Don't ever underestimate the power of the music. Crooks can hijack it for awhile but it belongs to us. It's full of love and it's full of magic. Roll over Beethoven and tell Chuck Berry the news.
My mom gave me all the tools. I don't know much about love but I know love. I grew up with the rock'n'roll and I know about the magic. Let's just say that I'm well off.
Well, I think I'm gonna move. I've been here for twenty years. Never lived in one place for so long. I've told you that I live in a jungle on an island. It's been pretty much a dream for me. Not only that but Jamaica has never lived anywhere else. I'm hoping that she'll be happy wherever we land.
Lots of stuff accumulates over twenty years. I'm thinking I might have to leave some memories behind. Oh, I'm gonna take all the good ones and there are plenty.
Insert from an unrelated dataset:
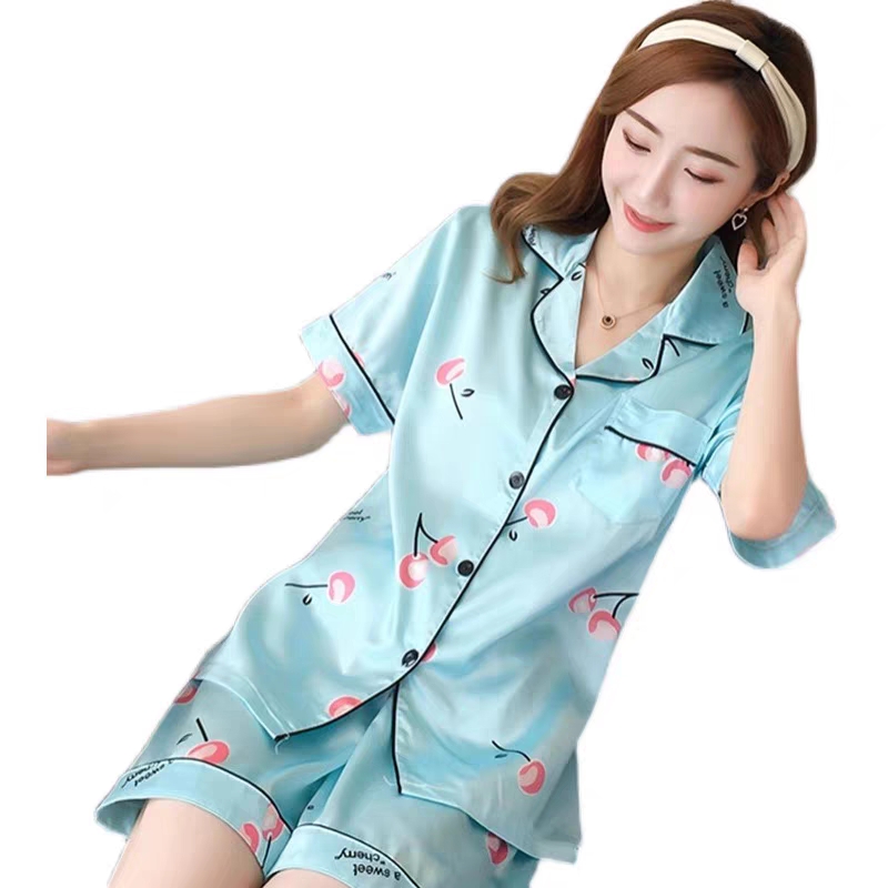 睡衣女夏季冰丝短袖韩版可爱两件套可外穿性感春夏加大短裤家居服
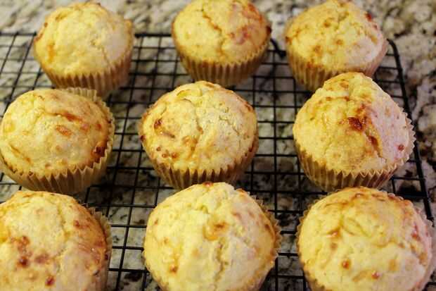 Mezcla de cuchara en un molde de muffin con forros de papel (12). Hornee a 425 grados durante unos 23 minutos. Quitar bollos de lata del mollete inmediatamente a enfriar sobre una rejilla para enfriar (para que los fondos de muffin no se empapado de vapor).

Well, as you know, the joy is out there. It's up to you to find it. I think Christians hide easter eggs for the same reason that the marines have young recruits climb ropes. It's all about learning to look for it without having your spirit broken.
If Adam and Eve had just given in to innocence instead of thinking too much, we could all be hanging around naked today. Listening to rock'n'roll. Sounds like heaven, huh? Or Woodstock.
Use the sorrow and the loss. The good stuff is right here. It's all on the love frequency. Turn up the radio and take off your pants.
When I take a minute to consider just how special every person really is, I'm overcome with wonder. When I take a moment to ponder the waste of war, I'm bewildered and reduced to tears.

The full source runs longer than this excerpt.